Scientists from Tohoku University and the High Energy Accelerator Research Organization have developed a new complex hydride lithium superionic conductor that could result in all-solid-state batteries with the highest energy density to date. An open-access paper on the work is published in Nature Communications.
The researchers say the new material, achieved by designing structures of hydrogen clusters (complex anions), shows markedly high stability against lithium metal, which would make it the ultimate anode material for all-solid-state batteries.
High-energy-density all-solid-state lithium metal battery employing complex hydrides. Credit: Sangryun Kim and Shin-ichi Orimo.
All-solid-state batteries incorporating lithium metal anode have the potential to address the energy density issues of conventional lithium-ion batteries that use flammable organic liquid electrolytes and low-capacity carbonaceous anodes. However, they suffer from high lithium ion transfer resistance, mainly due to the instability of the solid electrolytes against lithium metal, limiting their use in practical cells.
Here, we report a complex hydride lithium superionic conductor, 0.7Li(CB9H10)–0.3Li(CB11H12), with excellent stability against lithium metal and a high conductivity of 6.7 × 10−3 S cm−1 at 25 °C. This complex hydride exhibits stable lithium plating/stripping reaction with negligible interfacial resistance (<1 Ω cm2) at 0.2 mA cm−2, enabling all-solid-state lithium-sulfur batteries with high energy density (>2500 Wh kg−1) at a high current density of 5016 mA g−1.—Kim et al.
All−solid−state batteries are promising candidates for resolving the intrinsic drawbacks of current lithium−ion batteries, such as electrolyte leakage, flammability and limited energy density.
Lithium metal is widely believed to be the ultimate anode material for all−solid−state batteries because it has the highest theoretical capacity (3860 mAh g−1) and the lowest potential (−3.04 V vs. standard hydrogen electrode) among known anode materials.
Lithium-ion-conducting solid electrolytes are a key component of all-solid-state batteries because the ionic conductivity and stability of the solid electrolyte determine battery performance.
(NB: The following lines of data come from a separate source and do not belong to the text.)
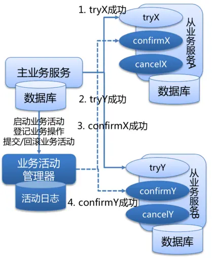 - 失败去反复去重试,直到成功,而不是向强一致性那样,把A回滚的
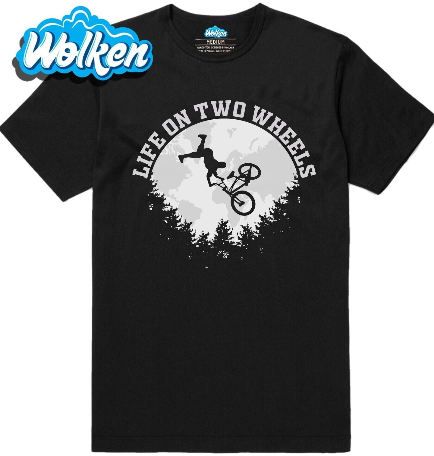Pánské tričko Život na dvou kolech. „Life on Two Wheels“ vystihuje naplno vášeň pro jízdu na kole a volnost, kterou tento sport přináší. Silueta jezdce ve vzduchu, lesní scenérie a zeměkoule v pozadí symbolizují spojení adrenalinu, přírody a svobody. Ideální pro milovníky MTB, freestyle i rekreační cyklisty, kteří žijí svůj život na dvou kolech.
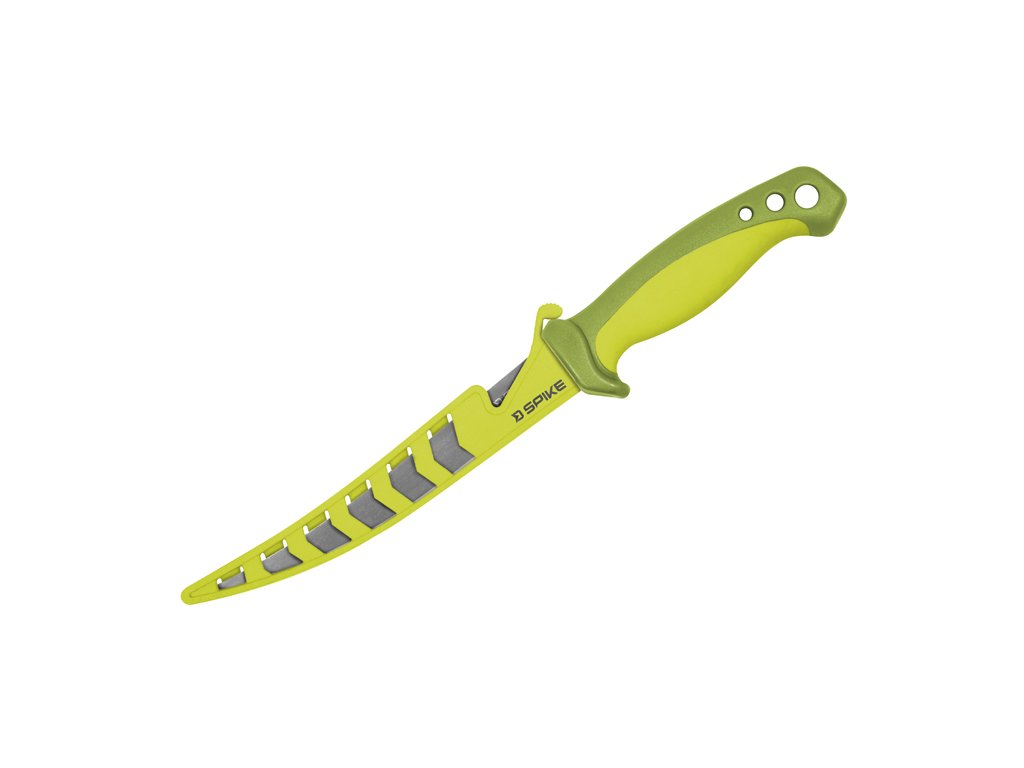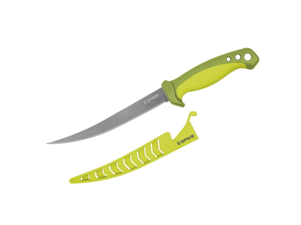 Delphin SPIKE je filetovací nůž vyznačující se výbornými vlastnostmi a velmi příznivou pořizovací cenou. Jeho ostrá čepel je vyrobena z kvalitní nerezové oceli a ideálně poslouží při zpracování masa, ale i jiných surovin potřebných pro přípravu pokrmů. Nůž disponuje ergonomicky tvarovanou rukojetí z tvrzeného ABS plastu. Celá rukojeť je navíc opatřena gumovým protiskluzovým povrchem, díky čemuž výborně sedí v každé dlani. Na konci rukojeti se nacházejí tři otvory, které vytvářejí zajímavý designový prvek, ale také mohou sloužit například k zavěšení nože. SPIKE je dodáván spolu ochranným plastovým pouzdrem na čepeli. Technické parametry: Délka nože: 29cm Délka čepele: 16,5cm

The problem has been that most existing solid electrolytes have chemical/electrochemical instability and/or poor physical contact against lithium metal, inevitably causing unwanted side reactions at the interface. These side reactions result in an increase in interfacial resistance, greatly degrading battery performance during repeated cycling.
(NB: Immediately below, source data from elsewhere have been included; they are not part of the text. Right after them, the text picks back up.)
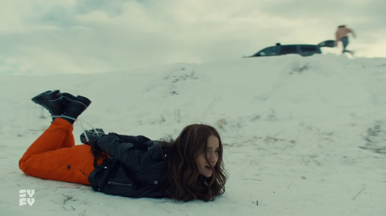The Magistrate has found her way to a giant snowbank and pushes Wynonna down after commenting about Wynonna not keeping her word. Who the hell is Cleo! Is she Eve or someone else! Whoever she is, she hasn’t learned how to hogtie with a rope yet and has to resort to using zip ties for the job and trusses Wynonna up. She even stabs her in the ass to make sure she screams to draw the people-eater in before heading up to her car to watch the show. The show is interrupted though with the arrival of Waverly and the Magistrate taking a short trip down the snowbank. She doesn’t stay there for long though and Waverly knocks her out before she can pull out a weapon. She doesn’t seem to have a gun in her hand though, it’s just the bag she had in Shorty’s. Maybe there’s something in there? Before Waverly can take out the people-eater, Nicole and Doc show up, rope and Super Skooshers in tow to de-crabify Nedley.
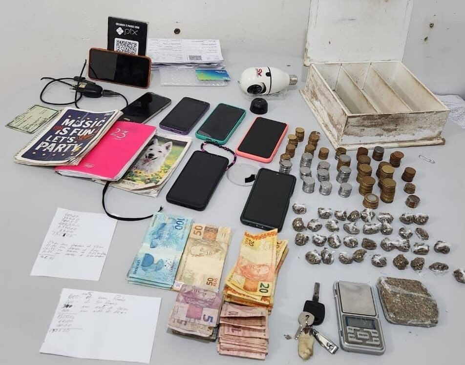 Na ocasião, foram apreendidos aparelhos celulares, drogas, cadernos de anotação, balança de precisão, apetrechos utilizados para a comercialização de drogas e outros objetos. De acordo com informações, um homem, investigado pelo crime de tráfico de entorpecentes e apontado como o responsável por um ponto de comercialização de drogas, onde funcionava um disque-droga, vendia a mercadoria através do PIX e QR-code personalizado, além de disponibilizar o serviço de entrega domiciliar.
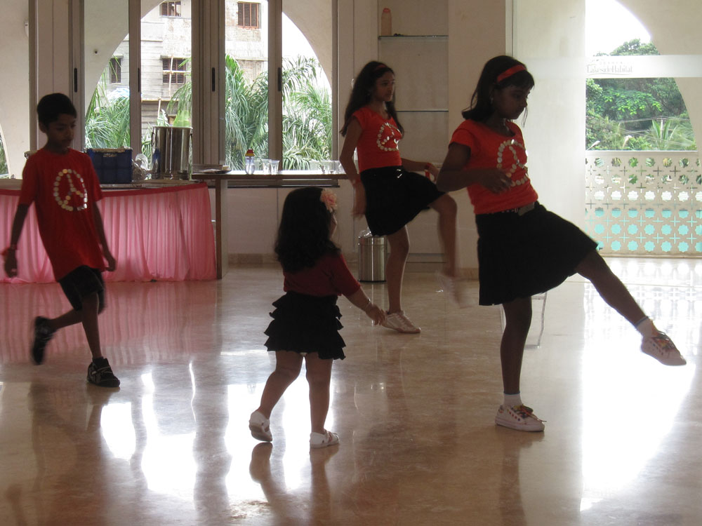 Mit 6 Kindern hatte Fitnesslehrer Praveen mehrere Tänze einstudiert und das war echt gut und sehr lustig. Ein zweijähriges Nachbarskind hat sich dazugestellt und begeistert alles nachgemacht, so ein süßer Fratz! Wird bestimmt mal ’ne große Tänzerin.
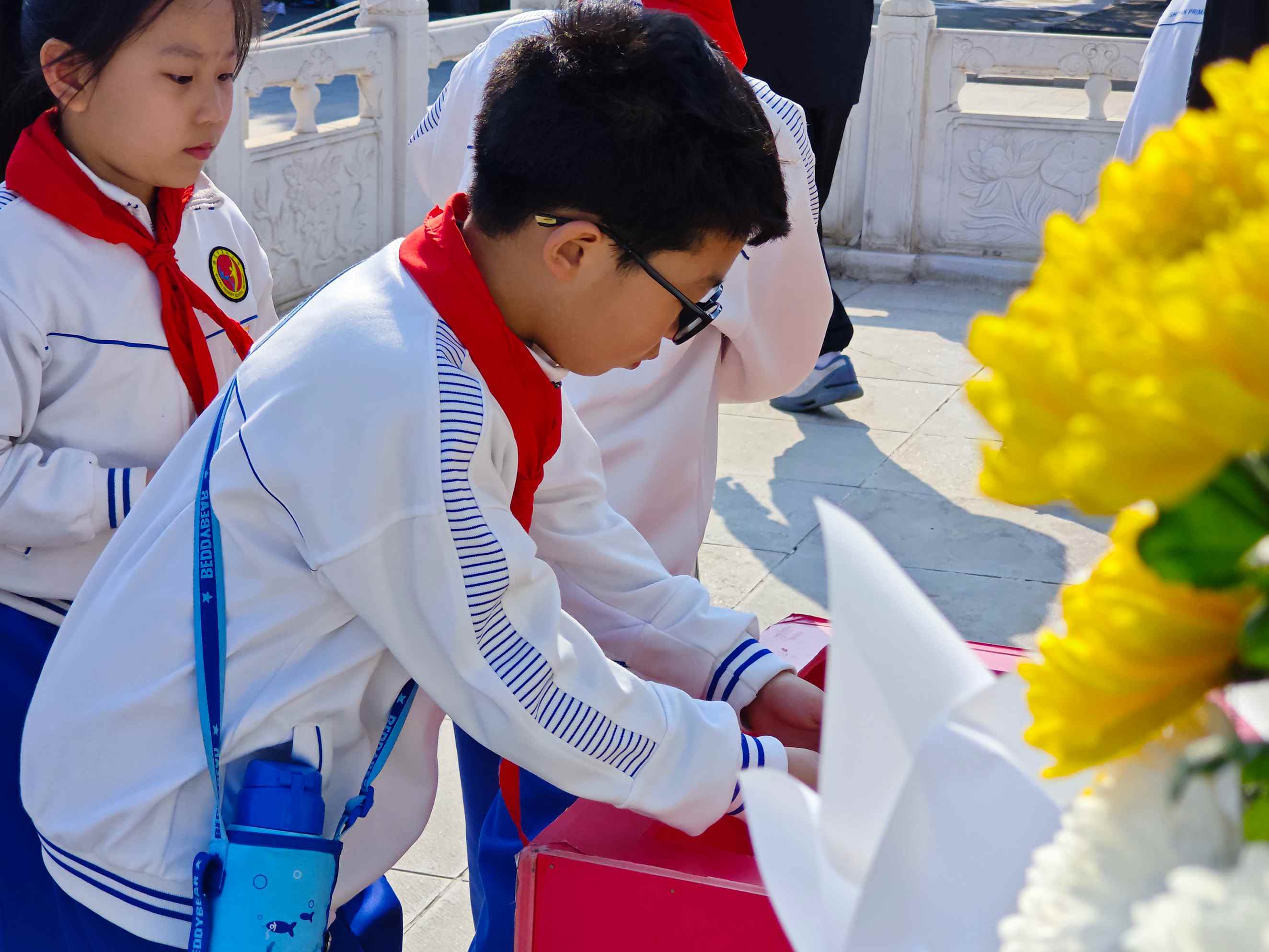 仪式最后,各班有序敬献小白花,瞻仰纪念碑、参观纪念馆,追寻红色足迹。此次活动,让师生接受了深刻的爱国主义教育,引导队员们铭记英烈、珍惜当下,以实际行动传承红色血脉,立志为强国建设贡献力量。

As revealed by previous studies, which proposed strategies such as alloying the lithium metal and interface modification, this degradation process is very difficult to address because its origin is the high thermodynamic reactivity of the lithium metal anode with the electrolyte.
The main challenges to using the lithium metal anode are high stability and high lithium ion conductivity of the solid electrolyte.
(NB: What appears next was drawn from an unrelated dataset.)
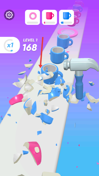 2、進(jìn)入LEVEL1,在軌道滑行中,看準(zhǔn)藍(lán)色杯子位置,用錘子精準(zhǔn)擊碎,注意避開其他顏色器具。
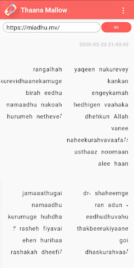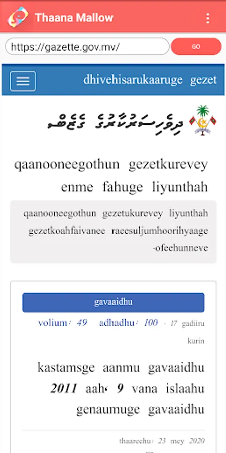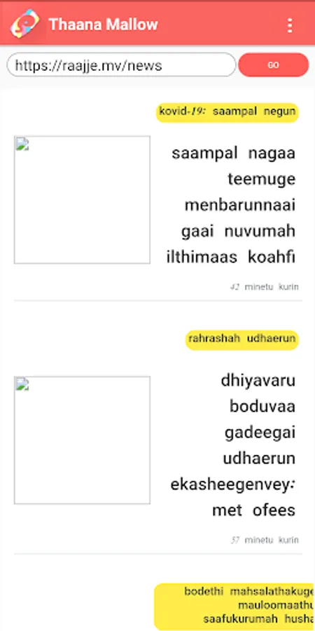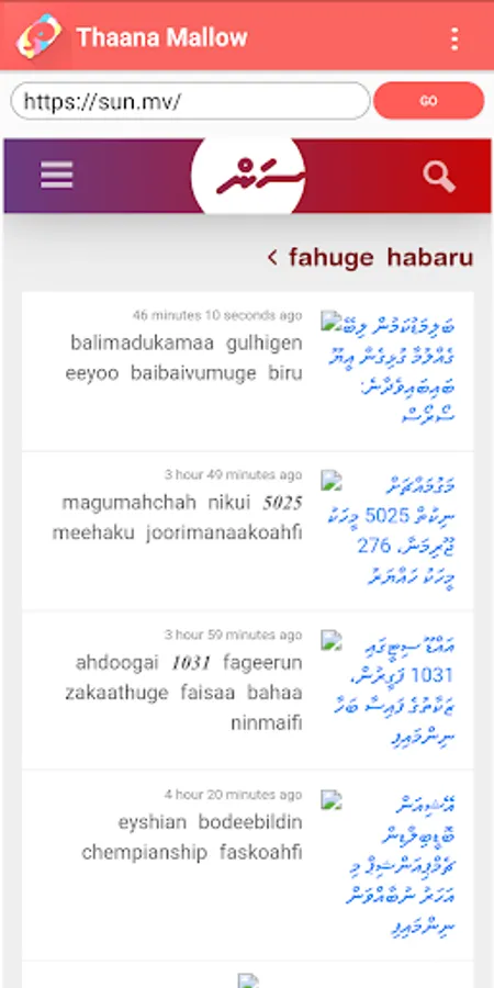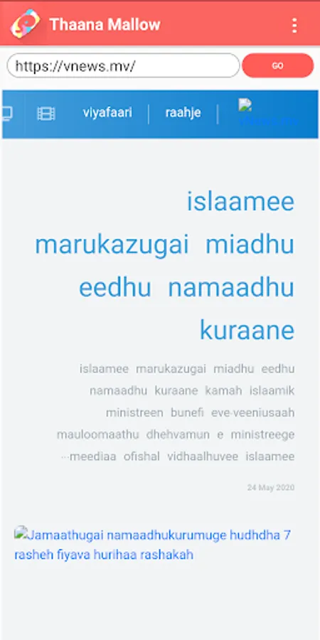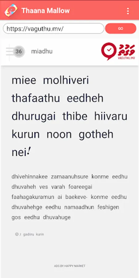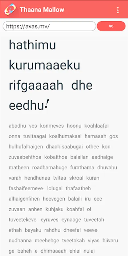 ThaanaMallow is an internet browser app that displays Dhivehi language websites in English Latin text. The app identifies Dhivehi text in the web pages and replaces the Dhivehi text with the corresponding English Latin text. This English text can then be read by native Text-To-Speech on mobile phones.

Complex hydrides have received a lot of attention in addressing the problems associated with the lithium metal anode because of their outstanding chemical and electrochemical stability against the lithium metal anode. But because of their low ionic conductivity, using complex hydrides with the lithium metal anode have never been attempted in practical batteries. So we were very motivated to see if developing complex hydride that exhibit lithium superionic conductivity at room temperature can enable the use of lithium metal anode. And it worked.—Sangryun Kim, lead and co-corresponding author
The Tohoku University research team was led by Sangryun Kim from the Institute of Material Research (IMR) and Shin-ichi Orimo from the Advanced Institute for Materials Research (AIMR). Members included Dorai Arunkumar, Naoaki Kuwata and Junichi Kawamura from the university’s Institute of Multidisciplinary Research for Advanced Materials (IMRAM), as well as Toshiya Otomo from the High Energy Accelerator Research Organization.